The first person I reached out to was Mr Tanimu Yakubu Kurfi, Yar’Adua’s Chief Economic Adviser and close confidant who also had the gas assignment.
That he had no idea about this contract is very telling. The then Attorney General and Justice Minister, Mr Michael Kaase Aondoakaa, SAN, has also put it on record that he knew nothing about it. While I can confirm that it was never at the period discussed at the Federal Executive Council, I went further in my investigation.” – Olusegun Adeniyi continues.
“Those who served in the administration of the late Yar’Adua knew that when it came to contracts, one man had the last say: Engineer Emeka Ezeh, then Director General of the Bureau of Public Procurement (BPP).
Without a Certificate of No Objection from the BPP, no contract would be awarded.
Ezeh, one of the few officials in whom the late Yar’Adua had implicit confidence, told me on Tuesday that he only became aware of the contract when the scandal broke.
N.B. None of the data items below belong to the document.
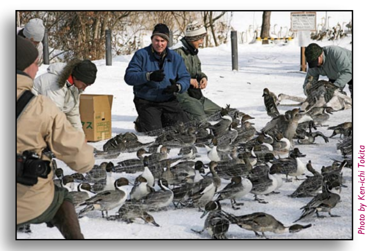
USGS and Japanese scientists are removing pintails captured by a clap net in northern Honshu, Japan.

Our research results have led to conservation outcomes in many East Asian countries, including the establishment of national nature reserves (about 3,000 ha in Mundok and 2,000 ha in Kumya) for migrating cranes in North Korea and of a 5,200 ha nature park for breeding cranes and storks in Muraviovka, southeastern Russia. Based on the results of the crane satellite tracking data, aerial surveys and satellite images, we recommended massive changes to the existing development plans in Three Rivers Plain in northeastern China, and some of the recommendations have actually been implemented. All these contributions are due to active international collaboration among scientists and conservationists.
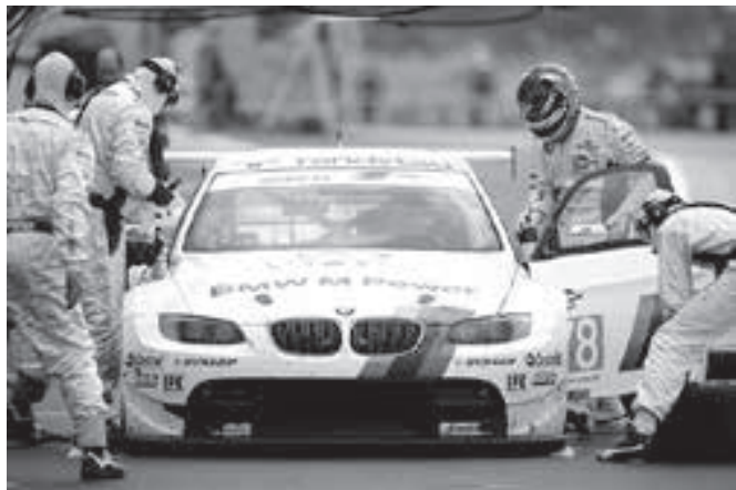
A quick driver change and the race goes on. Thanks for some good laps Rachelle.
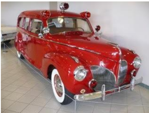
This beautiful 1941 Lincoln ambulance, coach builder unknown, greeted us as we entered the front lobby of the AACA Museum in Hershey, PA.

Newsletter of the NORTHEAST CHAPTER of the PROFESSIONAL CAR SOCIETY
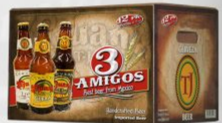
Case 3 Amigos 12 bottles 355 ml. 4 Güeras, 4 Morenas & 4 Lights
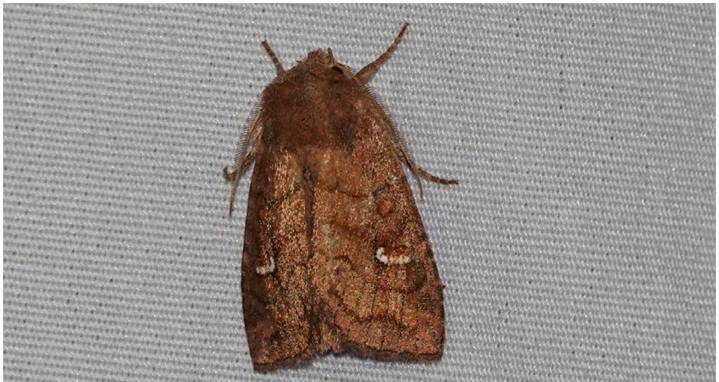
Tricholita signata (signate Quaker) uses Cirsium muticum (swamp thistle) as a host plant.
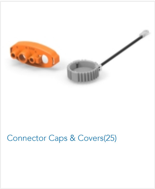
Connector Caps & Covers(25)
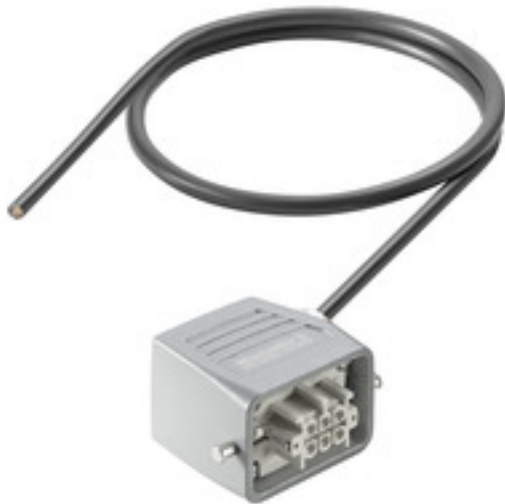
Product similar to the picture
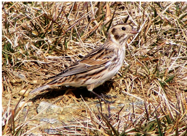
Lapland Longspur in a backyard in Huntersville.
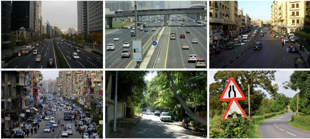
Fig. 5. Representation of areas with more complex or underdeveloped road networks
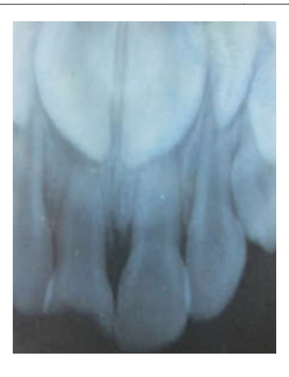
Figure 1. Pre-operative IOPAR
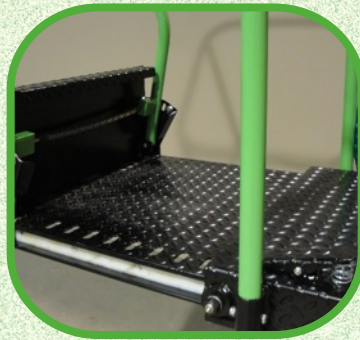
Highest quality 4 step powder-coat paint; Will resist rust even when paint GREEFA packing VAN WAMEL 'Perfect' movers ORSI GROUP platforms FRUIT TEC blossom thinners PULSE INSTRUMENTS water treatment BARTLETT custom mfg
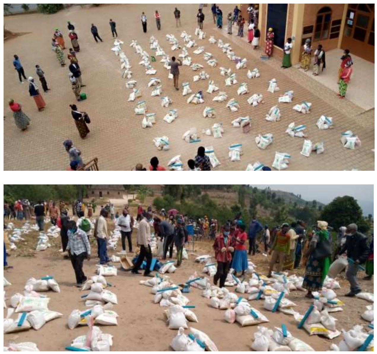
Mbazi sector in Kigeme zone August 20, 2020

In the distribution, the distribution team weared face mask showing the project funder and project Implementer which were looking as the photo below
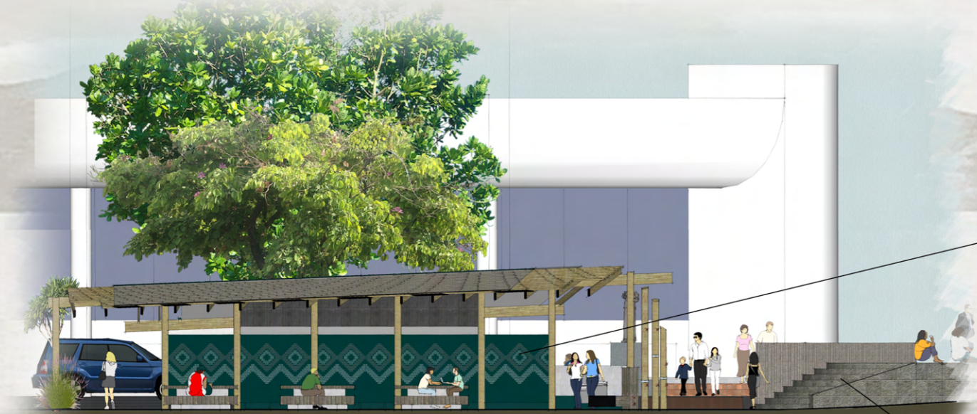
north elevation - seating area
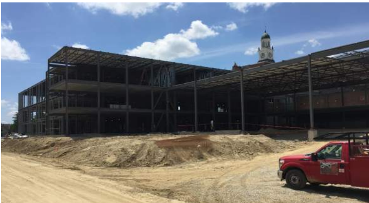
Area E & F Structural Steel
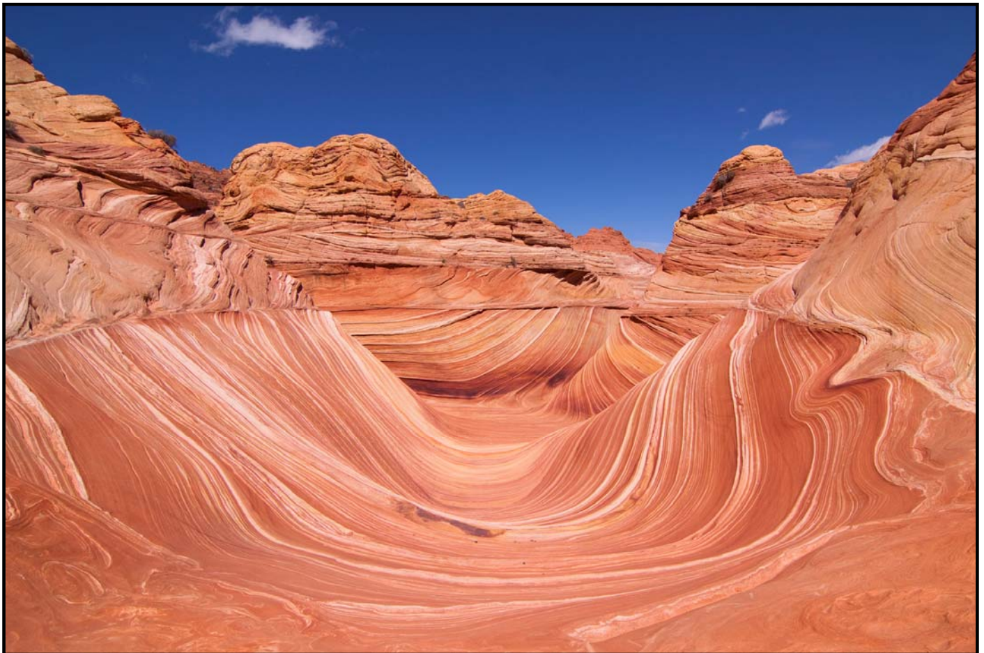
The Wave

Finally I am also the family's official pet photographer. Lucy, on page 12 , is a great subject.

He then proceeded to give me a copy of the BPP law and a relevant document which puts a serious question mark on the judgment.” – Olusegun Adeniyi
“First, the law. Part 1V of the BPP Act 2007 deals with ‘Fundamental Principles of Procurement’. Section 16, subsection 3 states, “For all cases where the Bureau shall set a prior review threshold, the Bureau shall prescribe by regulation, guidelines and the conditions precedent to the award of Certificate of ‘No Objection’ under this Act”. And then subsection 4: “Subject to the prior review thresholds as may be set by the Bureau, any procurement purported to be awarded without a “Certificate of ‘No Objection’ to Contract Award” duly issued by the Bureau shall be null and void.”
Now, the document. ‘The Approved Threshold’ given to the ‘Tenders Board and Accounting Officers (Permanent Secretaries and Chief Executive Officers) of all Ministries, Departments and Agencies (MDAs)’ were specific on the amounts that could be approved without recourse to BPP. Under ‘Special Works (NNPC)’, it is stated very clearly that any oil and gas contract that is worth $20 million and above must go to the Federal Executive Council (FEC) and secure the BPP Certificate of No Objection before approval.”
“It is interesting that we still do not know the exact sum of this vexatious deal. Yet P&ID was reported to have spent approximately $40 million in pre-contract expenditures.
The $9.6 billion Nigeria is expected to pay is made of a $6.59 billion profit the company claims it would have made over a life project of 20 years and the balance of $3 billion accumulated interest since 2012 when the judgement was given.
It is interesting that it would take some ‘Oyinbo’ (foreigners) people to teach Nigerians the real meaning of ‘419’!” , concludes Olusegun Adeniyi.